A Stressful Marriage Can Harm Your Heart Health, Study Finds

There may be a link between distress in marriage and poorer outcome after a heart attack for people under 55, according to a new study.

“Our results confirm that stress experienced in daily life, such as marital stress, can impact young adults’ recovery from a heart attack,” lead study author Cenjing Zhu said in a statement. press release published on Monday 31 October. announcing the results.

Preliminary research is to be presented at the American Heart Association’s 2022 Scientific Sessions, which will be held in-person in Chicago as well as virtually November 5-7, 2022.

THESE ARE THE BEST FOODS FOR YOUR HEART, EXPERTS SAY

Zhu holds a Ph.D. candidate at the Yale School of Public Health in New Haven, Connecticut.

She added in the statement that “additional stressors beyond marital stress, such as financial stress or work stress, may also play a role in young adult recovery, and the interplay between these factors. requires further research”.

The study looked at 1,593 young adults between the ages of 18 and 55 who were treated for a heart attack at one of 103 hospitals in 30 states.

The study looked at 1,593 young adults between the ages of 18 and 55 who were treated for a heart attack at one of 103 hospitals in 30 states.
(Stock)

The study looked at 1,593 young adults between the ages of 18 and 55 who were treated for a heart attack at one of 103 hospitals in 30 states.

These adults were concurrently enrolled in a study called “VIRGO” or “Variation in Recovery: Role of Gender on Outcomes of Young AMI Patients,” as the release notes.

All of the people in the study were either married or in a “committed partnership” when they had a heart attack, the statement said, and more than 66% of the people in the study were women.

Marital stress was also linked to chest pain and hospital readmission within a year of the initial heart attack, the study found.

One month after their heart attack, the participants were asked to complete a questionnaire called the “Stockholm Marital Stress Scale”, and were scored as having “absent/mild”, “moderate” and “severe” levels of marital stress.

HEALTHY LIVING MEANS STAYING ACTIVE INDOORS DURING THE COLD WINTER MONTHS

The participants were then studied for a year after their heart attack, according to the statement.

Zhu and his co-authors found that people who had “severe stress levels” scored 1.6 points lower in physical health and 2.6 points lower in mental health on a 12-point scale than those with no/mild stress levels.

Participants were rated as having

Participants were rated as having ‘absent/mild’, ‘moderate’ and ‘severe’ levels of marital stress.
(Stock)

“Participants reporting high levels of stress [scored] almost 5 points lower in overall quality of life and 8 points lower in quality of life when measured by a scale specifically designed for cardiac patients,” the statement read.

Marital stress was also linked to chest pain and hospital readmission within a year of the initial heart attack, the study found.
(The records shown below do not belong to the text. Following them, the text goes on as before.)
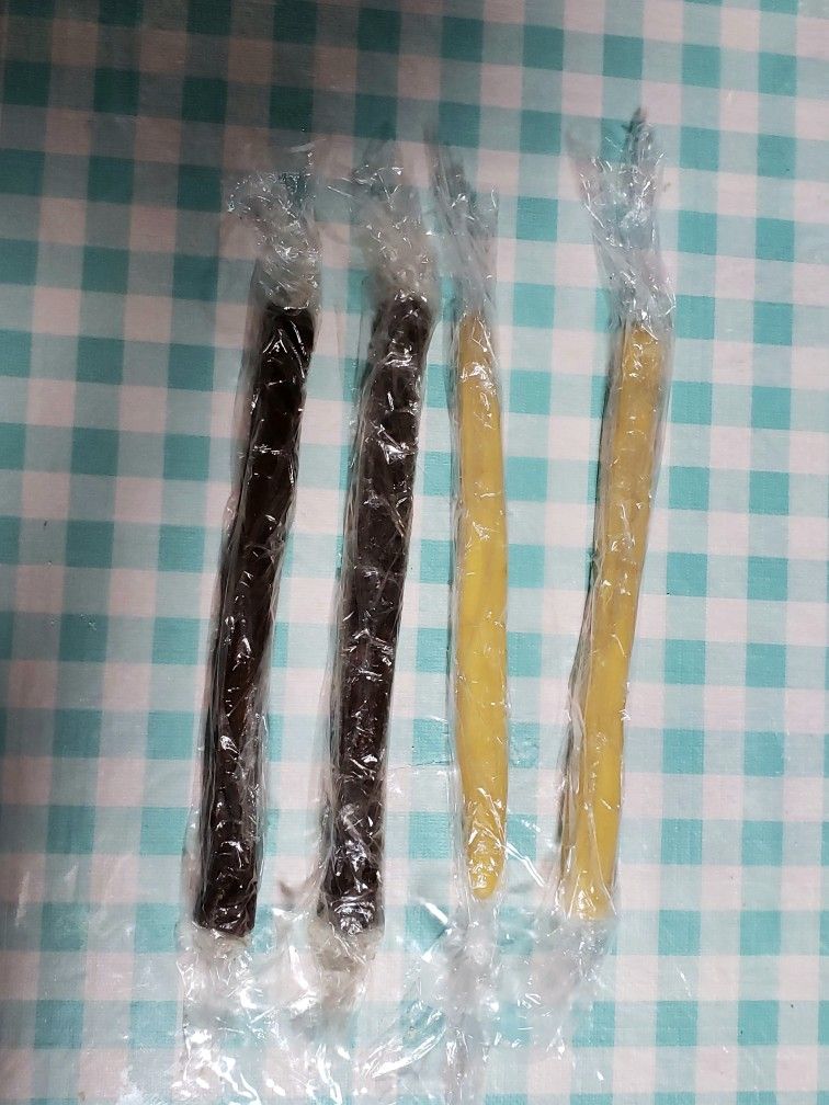 ④プレーン2本ココアパウダー入り2本をラップで四角く棒状になるようにまとめます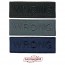 Applicazioni ricamate termoadesive, dimensioni 80x30mm; confezionate in blister trasparente con istruzioni per l'uso. Disponibili colore nero, grigio e blu.
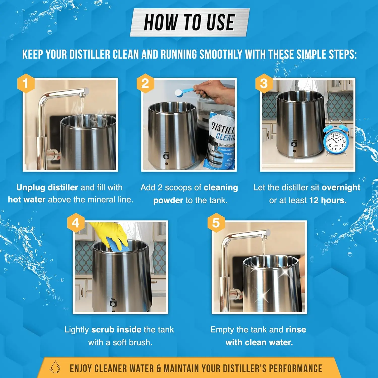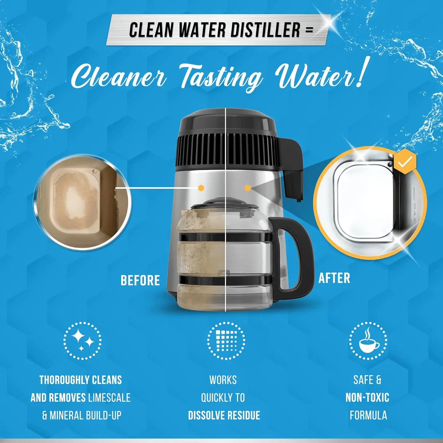 Mineral Deposit & Water Residue Cleaner: Remove Stubborn Build-up & Residue to Extend the life of your machine, Improve the Quality of your Water for your safety. Cleans Normal Limescale, Calcium and other residue in both the Water Distiller Tank and Carafe of machine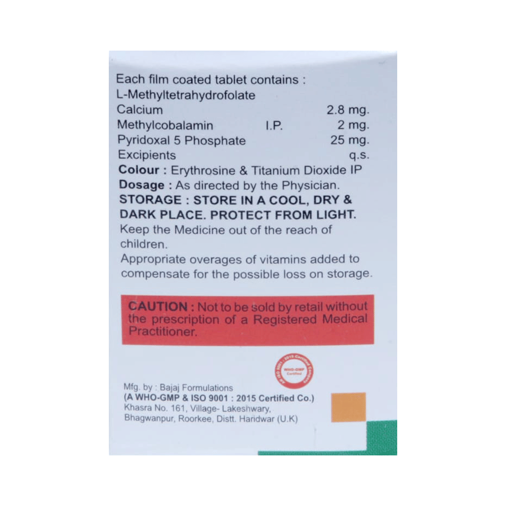 Salt Composition: L-Methyltetrahydrofolate Clacium (2.8mg) + Methylcobalamin (2mg) + Pyridoxal-5-phosphate (25mg)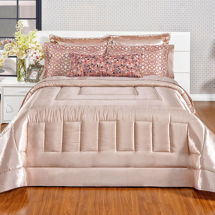 Edredom Casal Padrão Cetim Nude Estampado 7 Peças 2,40m x 2,60m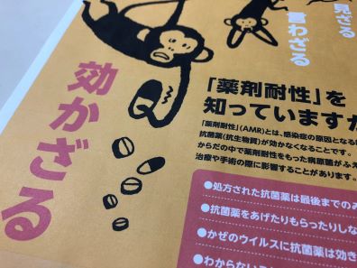 「見ざる 言わざる 効かざる」などのフレーズを盛り込んだ薬剤耐性(AMR)に関するポスター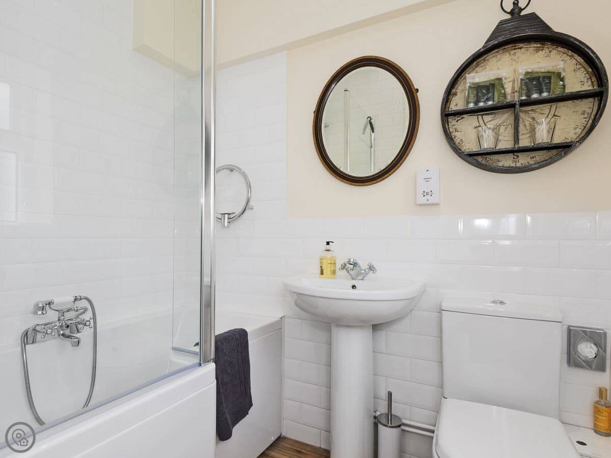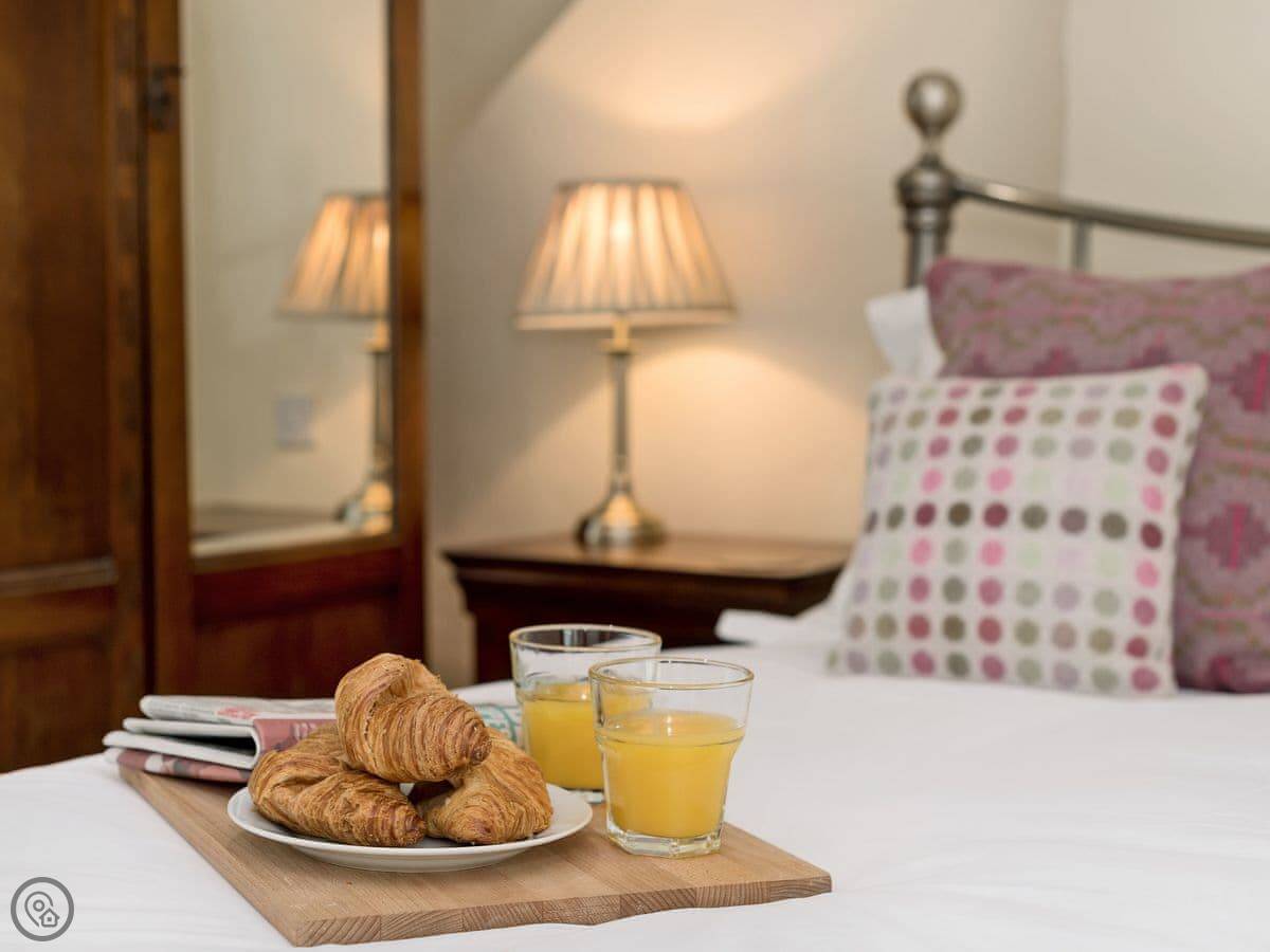 It sleeps six. Three bedrooms, two bathrooms. It's a 4 Star place. The family has owned it since 1950, and we've recently refurbished it. The stairs to the master bedroom are a typical cottage staircase, so they turn a corner and are a bit steep. The other two bedrooms and a wet room are on the ground floor.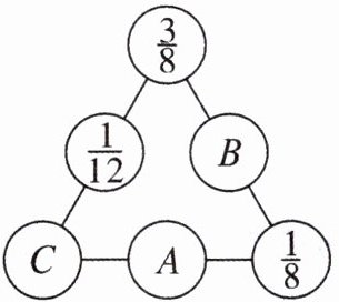 2. 图中三角形每条边上的三个数的和都相等。$$ A $$、$$ B $$、$$ C $$ 三个数中,可以确定的是(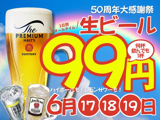 梅雨の合間の晴れ間が心地よいこの季節、「居酒屋一休」では、6月17日(火)~19日(木)の3日間限定で「生ビール99円祭り」を開催いたします!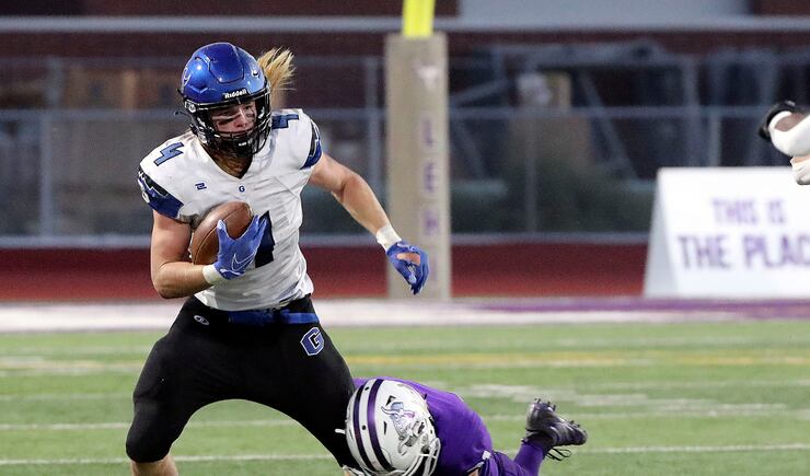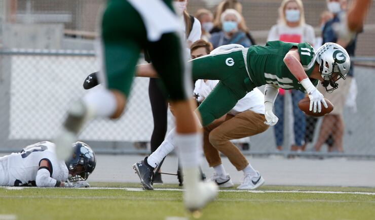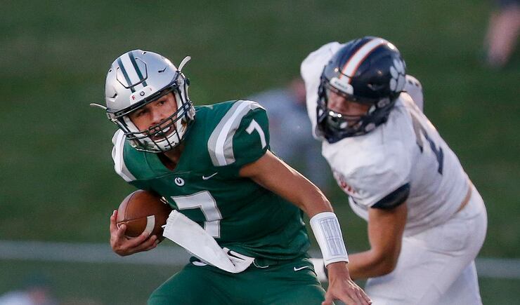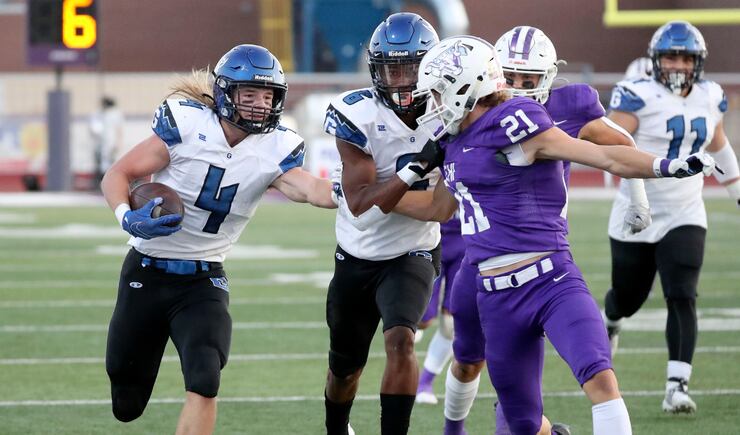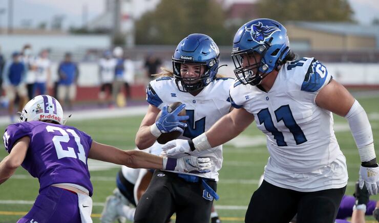 The Hawks scored early and often in the first half to take a big lead and eventually secure the victory over Grand. Morgan Bowles tossed three TD passes — finding Cole Mickel twice — and Jordan Watts rushed for another two scores in the win.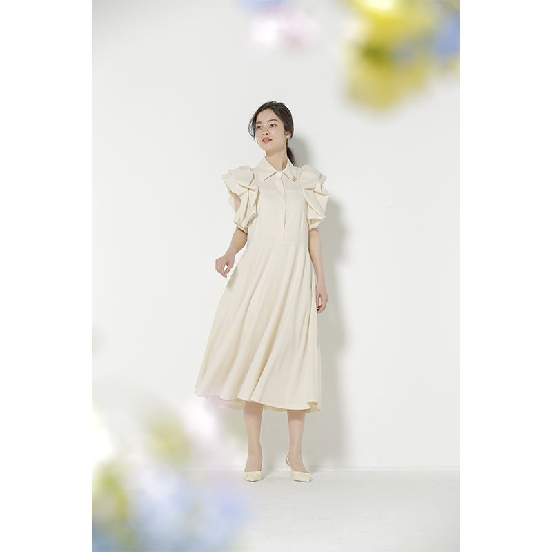 ボリューム感のあるバルーンスリーブがトレンド感と女性らしさを演出しながら、華奢に見せてくれます。ストレッチ性のある生地を使用しています。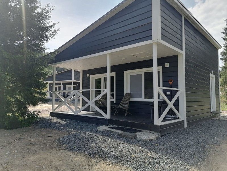 В домике объединённое пространство гостиной и кухни (раскладной двуспальный диван), отдельная спальня с двуспальной кроватью, санузел с душевой и большая веранда с видом на Ладожское озеро.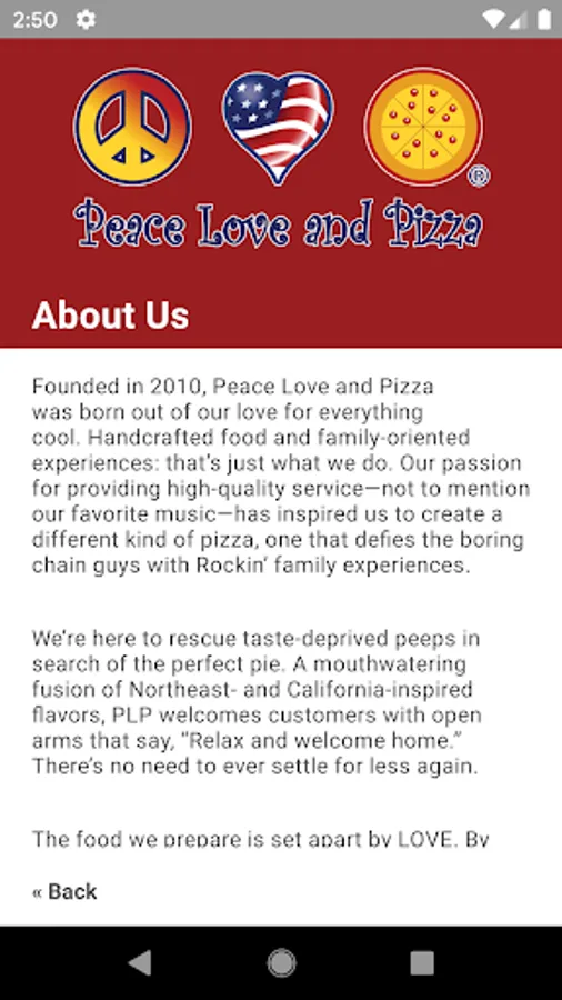 With the Peace Love & Pizza app you can: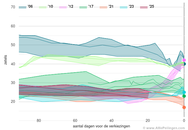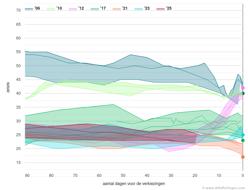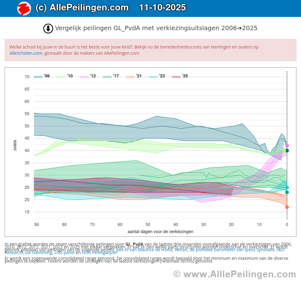 In een grafiek worden de zeven verschillende peilingen voor GL_PvdA van de laatste drie maanden voorafgaande aan de verkiezingen van 2006, 2010, 2012, 2017, 2021, 2023 en 2025 met elkaar vergeleken. Er valt te zien welke partij structureel worden onderschat en overschat. Er wordt gebruik gemaakt van peilingen van de volgende peilers: peil.nl van Maurice de Hond, Verian, de politieke barometer van Ipsos Synovate, I&O Research, De Stemming, LISS panel en NOS Peilingwijzer.
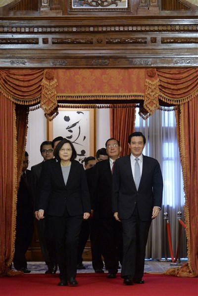 「雙英會」30日上午10時在台北賓館登場,總統馬英九(前右)與總統當選人蔡英文(前左)閉門會談超過1小時後步出會場。圖/中央社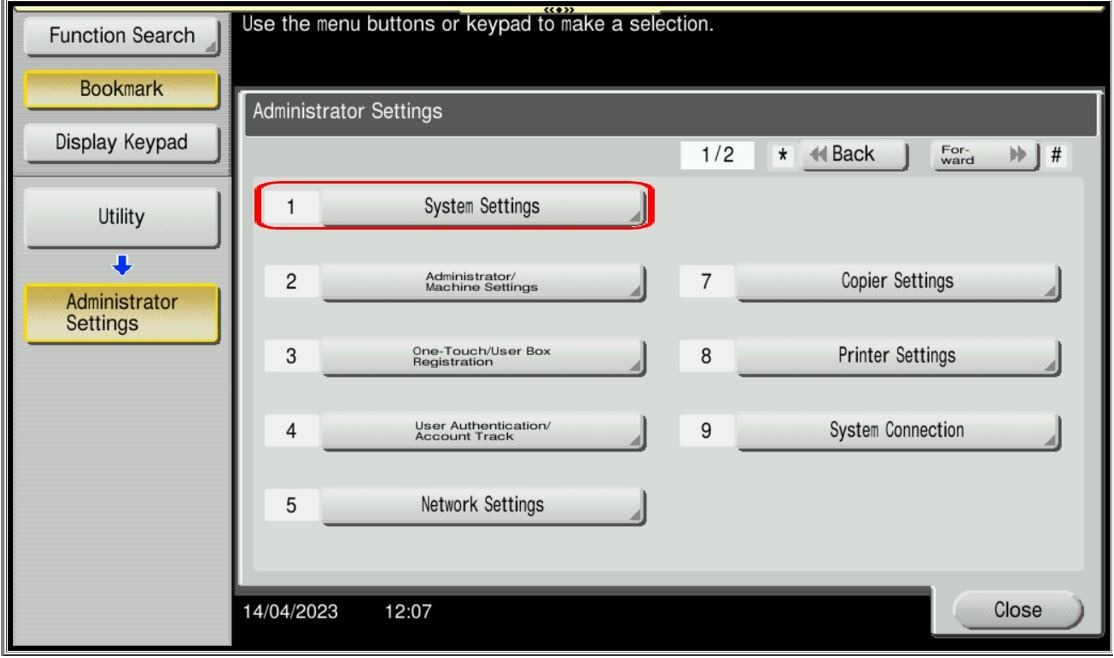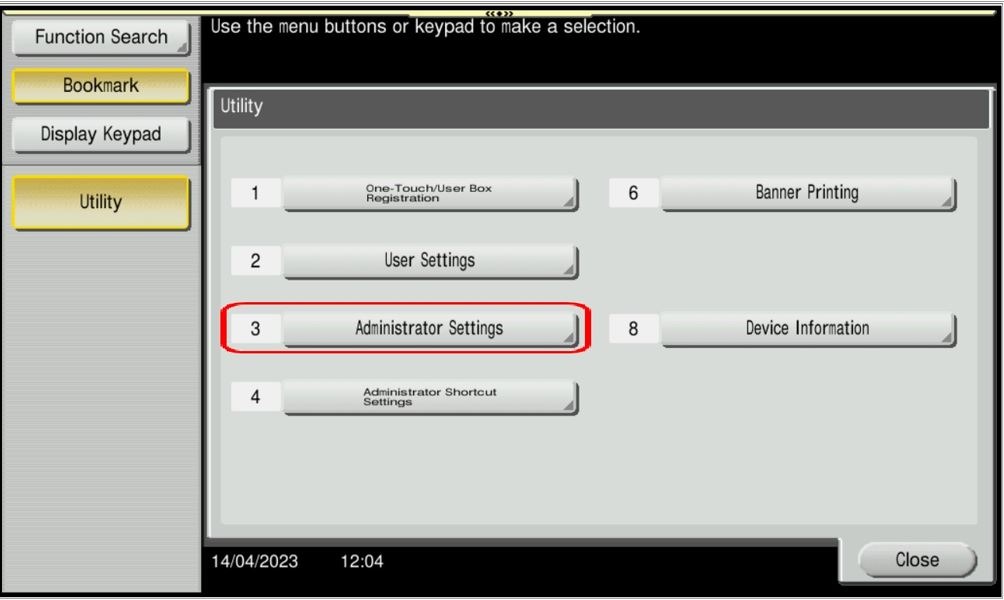 STEP 2 – Select [Administrator Settings], and key in the Administrator password accordingly.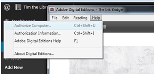 With Adobe Digital Editions open, click Help (I know, right?) and then Authorize Computer.

Those with “severe” stress levels were almost 50% more likely to be readmitted to hospital for any cause, compared to those without marital stress.

‘POLYPILL’ COMBO CUTS HEART DISEASE DEATHS, NEW STUDY FINDS

Poorer health outcomes existed even when controlling for the participant’s gender, age, race and ethnicity, the statement said.

Controlling for employment, education, income, and health insurance status reduced the association, the statement said — but “the association remained statistically significant.”

“The daily emotional and mental support from my wife has definitely helped stabilize my a-fib,” said a Boston-area man.
(Stock)

A Boston-area man in his late 70s who suffers from recurrent atrial fibrillation said that for him, Yale’s research made sense: He discovered that being happy and calm in his marriage had a positive effect on one’s own heart health.

“I know I’m older than the patients in this study, but my wife’s daily emotional and mental support has definitely helped stabilize my a-fib,” he told Fox News Digital. .

He added: “Love heals.”

CLICK HERE TO SUBSCRIBE TO OUR LIFESTYLE NEWSLETTER

Zhu said that in the future, medical professionals “should consider screening patients for daily stress during follow-up appointments to better identify those at high risk for poor physical/mental recovery or additional hospitalization.

CLICK HERE TO GET THE FOX NEWS APP

“A holistic model of care based on both clinical factors and psychosocial aspects can be helpful, especially for young adults after a heart attack,” she said.

Heart disease is the leading cause of death in the United States: one person dies every 34 seconds from heart disease, according to the CDC.